Dólar registra leve baixa de 0,04%
O dólar fechou praticamente estável nesta quarta, dia marcado por ajustes após a moeda recuar 1,80% nos três últimos pregões. O dólar à vista fechou em R$ 3,8133, em leve baixa de 0,04%. Profissionais de câmbio avaliam que é preciso novidades mais concretas sobre a reforma da Previdência ou mudanças positivas no exterior para a divisa americana cair abaixo de R$ 3,80. A tramitação no Congresso ainda está em fase muito inicial, sem desdobramentos concretos sobre como ficará a economia fiscal da reforma. Também no aguardo dos desdobramentos, o risco-país medido pelo CDS (Credit Default Swap) ficou estável, em 156 pontos, considerando os papéis de cinco anos.

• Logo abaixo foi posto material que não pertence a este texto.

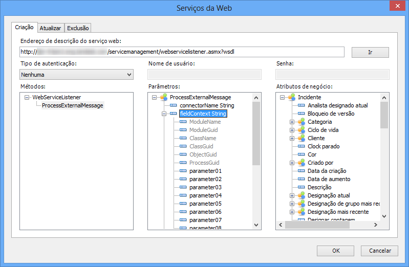 - Na lista Tipo de Autenticação, selecione o tipo de autenticação exigido pelo Site que hospeda o serviço web: Nenhum, Windows ou Básico.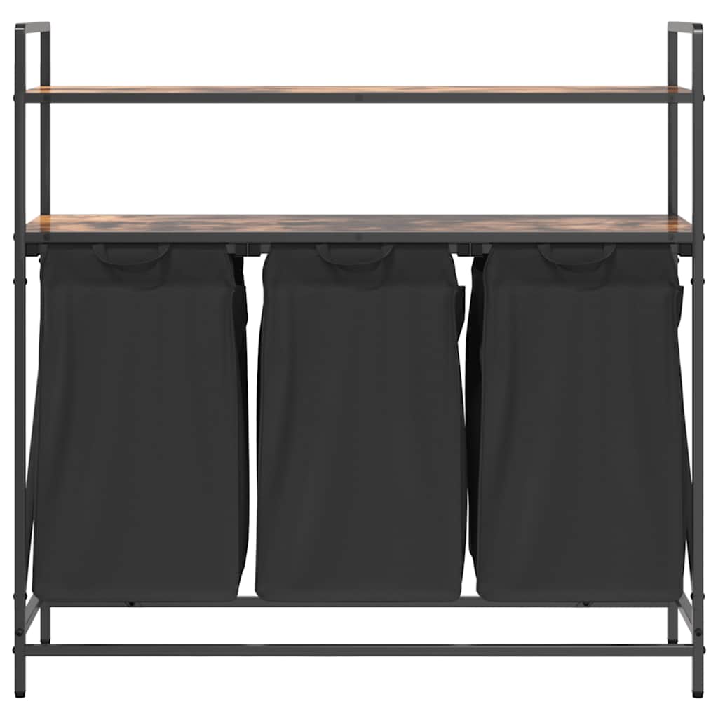 vasketøjskurv 3 rum med hylder røget egetræsfarve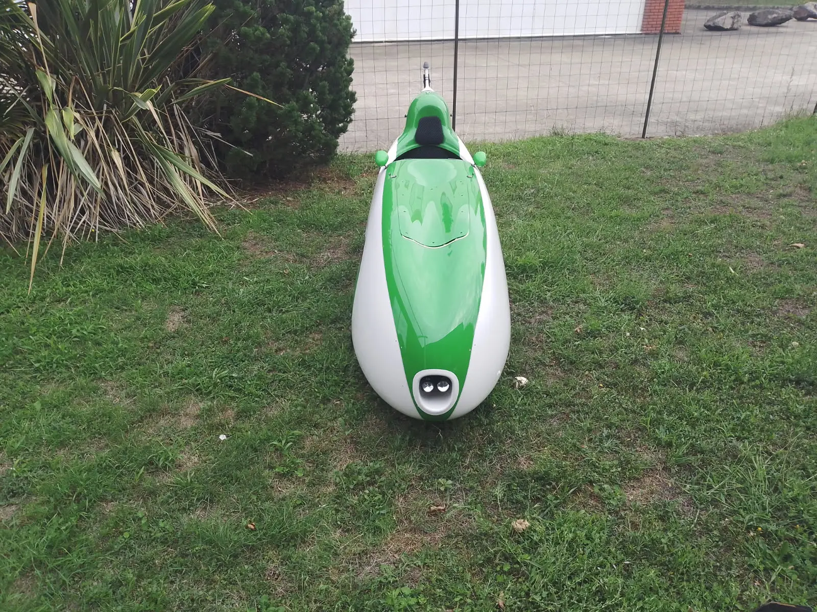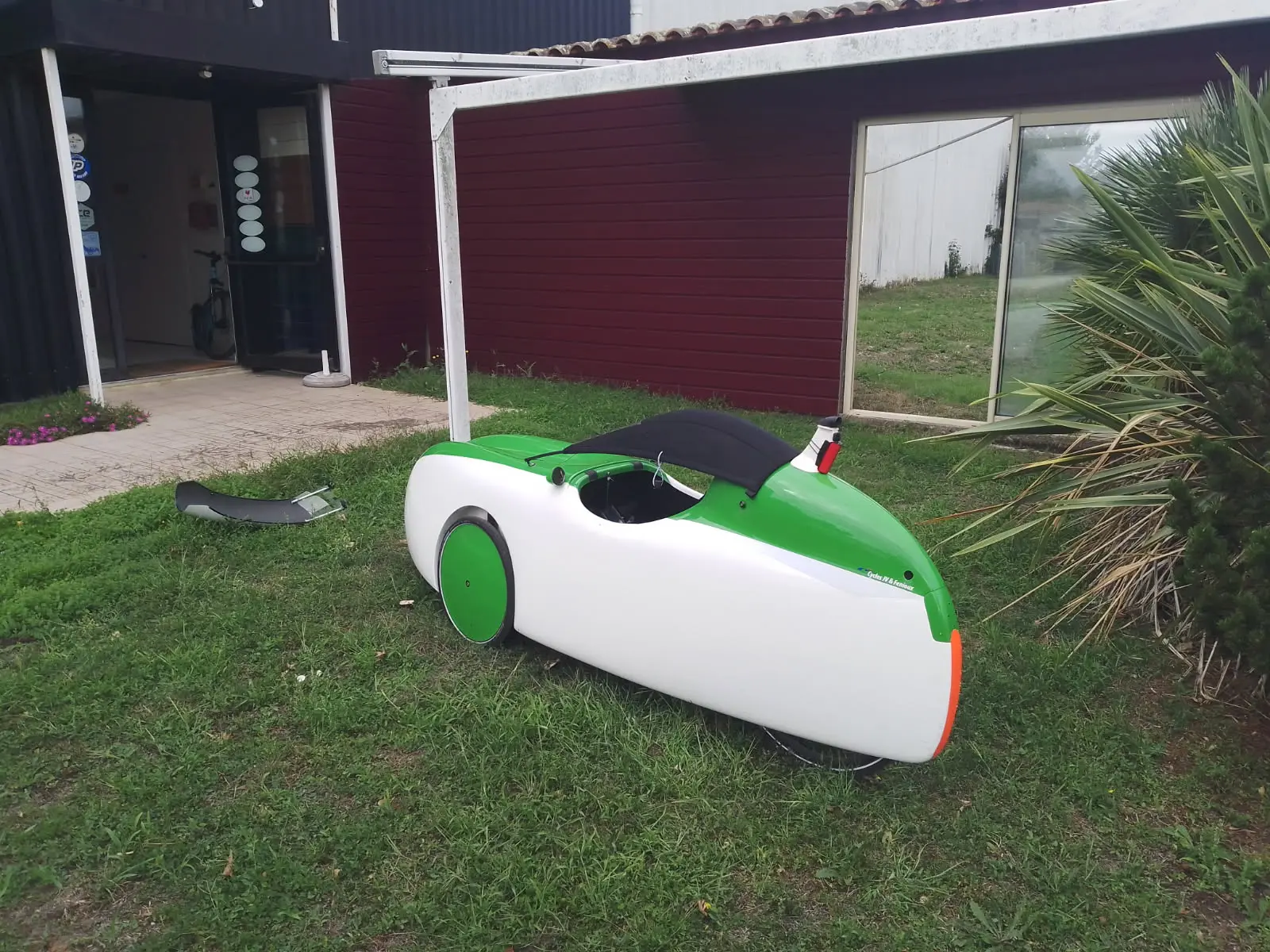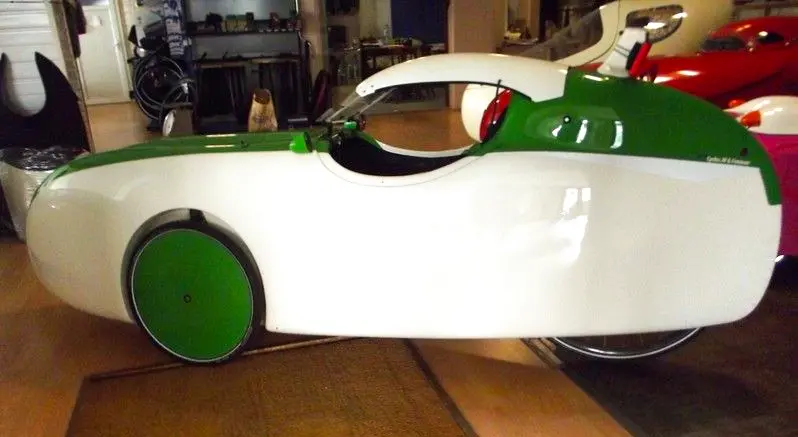 Celui-ci est équipé d'une assistance sur le pédalier, cela écarte limite la taille pilote à 1m70 mais il est toujours possible de remettre le vélomobile en configuration musculaire.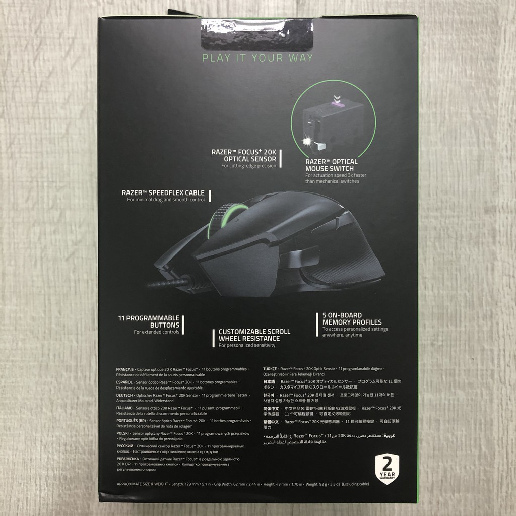 ++++ 11 nút bấm có thể lập trìnhThông qua Synapse 3, tinh chỉnh và thiết lập các chức năng yêu thích quen tay của bạn để đạt được kết quả tối đa. Cũng giống như người tiền nhiệm Basilisk, Chuột Razer Basilisk V2 Gaming Mouse RZ01-03160100-R3M1 cũng có phần đệm đỡ ngón tay cái đặc trưng.

Taxas de juros encerram sessão regular em queda firme
Os principais contratos de juros fecharam a sessão regular com taxas em queda firme. O número ruim da produção industrial de janeiro reforçou o debate sobre o espaço para queda da Selic este ano. A taxa do contrato de Depósito Interfinanceiro (DI) para janeiro de 2020 fechou em 6,355%, de 6,415% na terça no ajuste, e a do DI para janeiro de 2021 caiu de 7,021% para 6,91%. A taxa do DI para janeiro de 2023 fechou na mínima de 7,98%, de 8,092% na terça no ajuste, e a do DI para janeiro de 2025 caiu de 8,612% para 8,50%. Estes patamares de encerramento representam o piso da série histórica para as taxas.

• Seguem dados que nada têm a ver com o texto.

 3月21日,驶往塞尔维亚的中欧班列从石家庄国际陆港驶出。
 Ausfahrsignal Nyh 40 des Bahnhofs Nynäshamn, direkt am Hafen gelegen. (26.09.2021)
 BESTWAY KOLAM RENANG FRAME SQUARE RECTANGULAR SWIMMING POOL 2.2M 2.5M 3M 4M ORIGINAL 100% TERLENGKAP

Patamar da Selic está em pauta após resultado negativo da indústria
A queda de 0,8% na Produção Industrial Mensal (PIM) de janeiro ante dezembro foi bem maior do que indicava a mediana negativa de 0,27% das estimativas dos analistas. O resultado, somado à leitura da abertura do IPCA na terça, deu combustível à discussão sobre o patamar da Selic. Nesse contexto, a precificação de queda, ainda que tímida, da Selic reapareceu nos DIs nesta quarta. Conforme cálculos do Haitong Banco de Investimento, a curva praticamente apagou a precificação de alta da taxa básica no fim do ano - apenas 3 pontos-base - e voltou a mostrar chance de queda no primeiro semestre. Para o encontro da próxima semana, a precificação é de estabilidade em 6,50%.